Exercise brief: Beneath this instruction is a block of data; output from it exactly the lines that run from the one containing "Терраса 18,7 м²" through the one containing "The Dricus du", inclusive.

Exercise materials:
********

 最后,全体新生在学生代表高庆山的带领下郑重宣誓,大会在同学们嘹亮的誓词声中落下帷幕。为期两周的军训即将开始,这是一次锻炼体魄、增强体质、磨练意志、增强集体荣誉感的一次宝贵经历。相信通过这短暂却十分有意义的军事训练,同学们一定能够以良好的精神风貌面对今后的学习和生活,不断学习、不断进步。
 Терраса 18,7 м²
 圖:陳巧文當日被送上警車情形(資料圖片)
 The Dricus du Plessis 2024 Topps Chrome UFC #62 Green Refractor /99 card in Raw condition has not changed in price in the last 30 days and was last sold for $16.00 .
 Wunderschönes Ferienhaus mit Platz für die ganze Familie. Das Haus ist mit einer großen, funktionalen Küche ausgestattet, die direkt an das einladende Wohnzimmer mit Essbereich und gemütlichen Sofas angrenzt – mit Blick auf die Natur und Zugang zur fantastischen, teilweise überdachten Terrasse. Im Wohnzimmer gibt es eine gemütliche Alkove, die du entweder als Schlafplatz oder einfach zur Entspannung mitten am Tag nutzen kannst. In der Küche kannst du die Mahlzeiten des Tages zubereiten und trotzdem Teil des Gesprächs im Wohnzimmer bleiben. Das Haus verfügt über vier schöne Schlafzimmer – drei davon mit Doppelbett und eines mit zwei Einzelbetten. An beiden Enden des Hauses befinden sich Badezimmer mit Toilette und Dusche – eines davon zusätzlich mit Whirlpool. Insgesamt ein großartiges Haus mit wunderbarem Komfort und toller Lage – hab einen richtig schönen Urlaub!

********

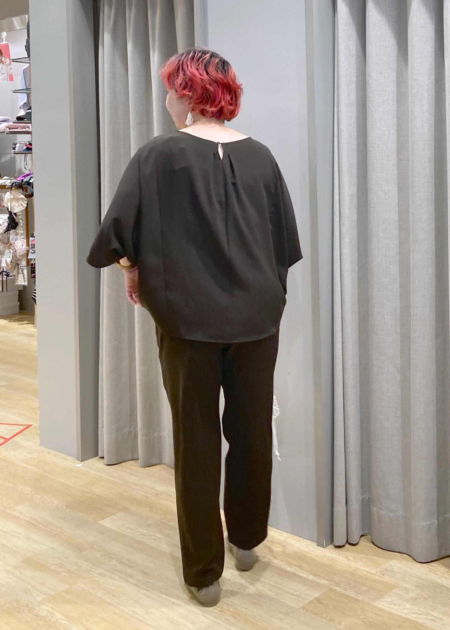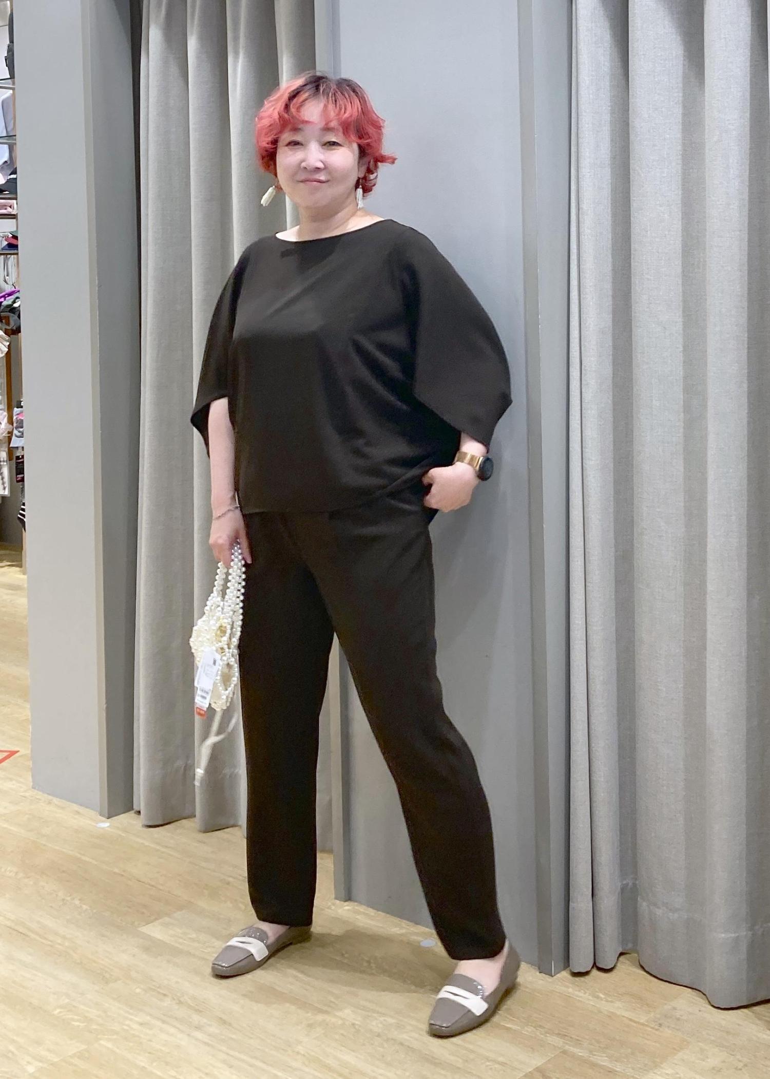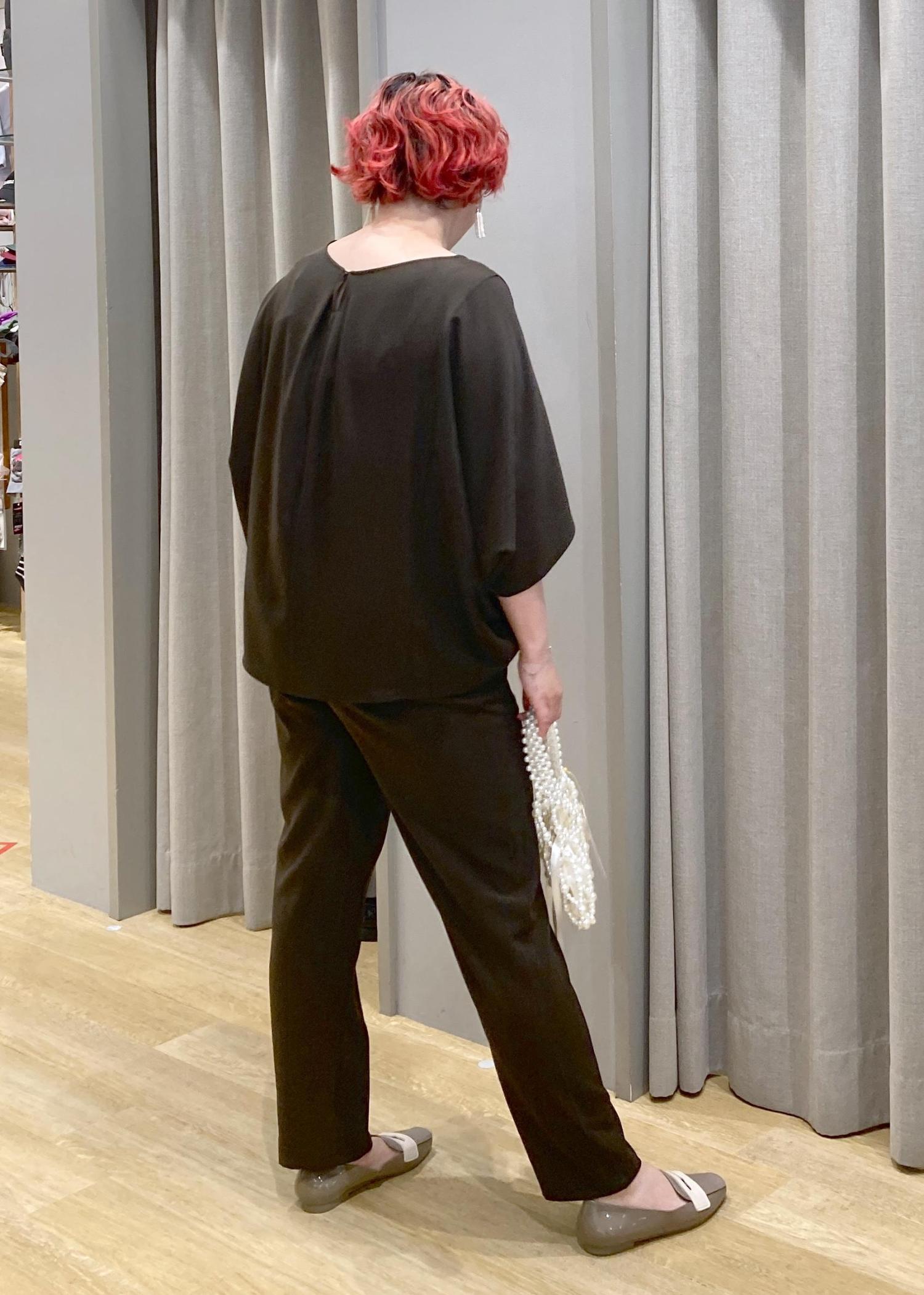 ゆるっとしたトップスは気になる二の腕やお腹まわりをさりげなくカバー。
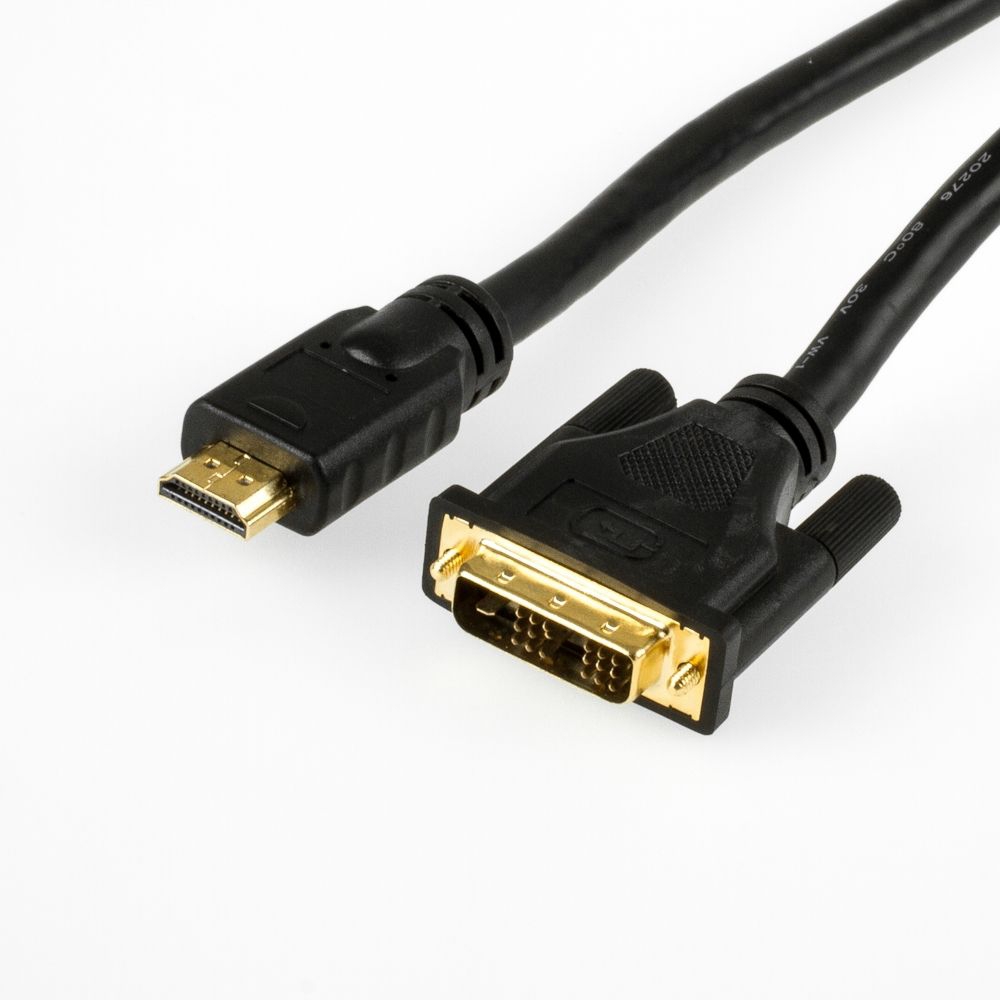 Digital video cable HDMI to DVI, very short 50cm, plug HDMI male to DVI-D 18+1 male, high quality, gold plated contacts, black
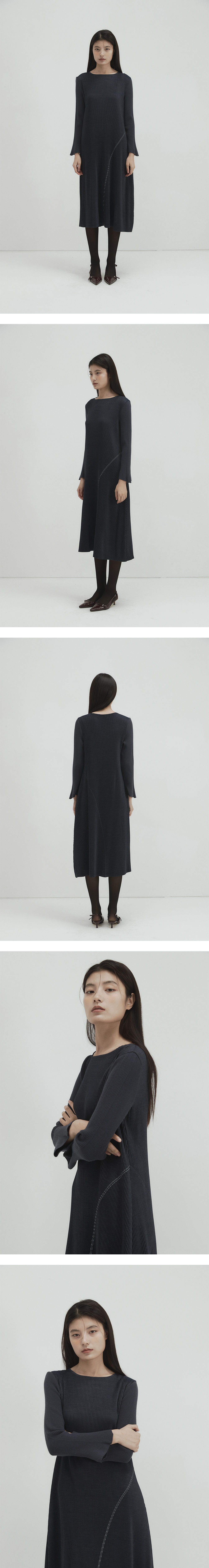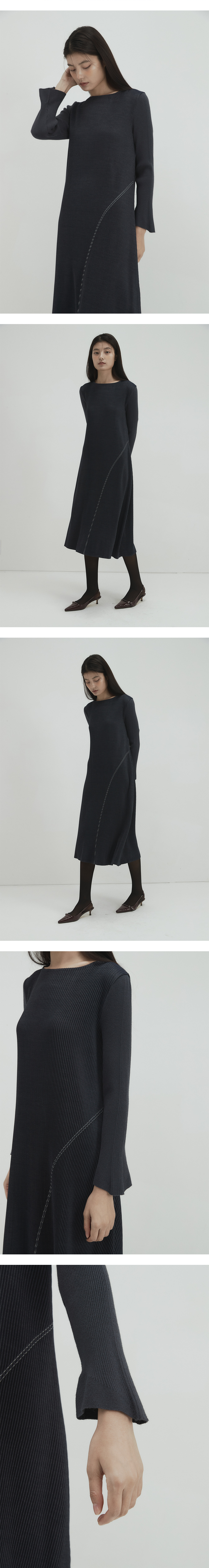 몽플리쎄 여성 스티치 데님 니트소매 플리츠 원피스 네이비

********

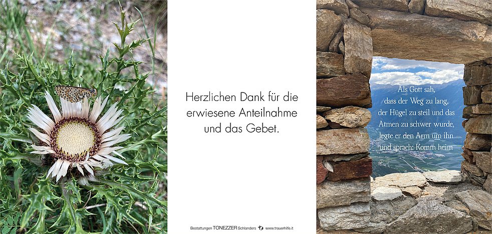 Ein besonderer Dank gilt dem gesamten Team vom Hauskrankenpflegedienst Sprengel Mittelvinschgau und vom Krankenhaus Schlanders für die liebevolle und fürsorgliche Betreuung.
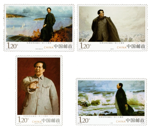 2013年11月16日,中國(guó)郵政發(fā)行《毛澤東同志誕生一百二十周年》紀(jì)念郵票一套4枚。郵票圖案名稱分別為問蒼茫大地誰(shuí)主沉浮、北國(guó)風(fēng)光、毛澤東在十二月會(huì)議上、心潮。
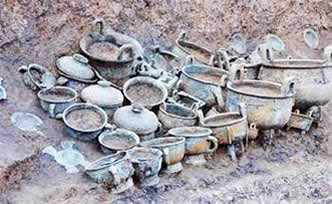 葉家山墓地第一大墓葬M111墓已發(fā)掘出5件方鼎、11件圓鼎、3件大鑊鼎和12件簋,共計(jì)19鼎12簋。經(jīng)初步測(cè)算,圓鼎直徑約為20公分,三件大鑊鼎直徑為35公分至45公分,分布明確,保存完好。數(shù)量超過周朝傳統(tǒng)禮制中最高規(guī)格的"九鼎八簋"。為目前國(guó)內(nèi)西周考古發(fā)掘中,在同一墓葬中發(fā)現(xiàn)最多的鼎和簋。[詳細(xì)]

********

Completed exercise:
 Терраса 18,7 м²
 圖:陳巧文當日被送上警車情形(資料圖片)
 The Dricus du Plessis 2024 Topps Chrome UFC #62 Green Refractor /99 card in Raw condition has not changed in price in the last 30 days and was last sold for $16.00 .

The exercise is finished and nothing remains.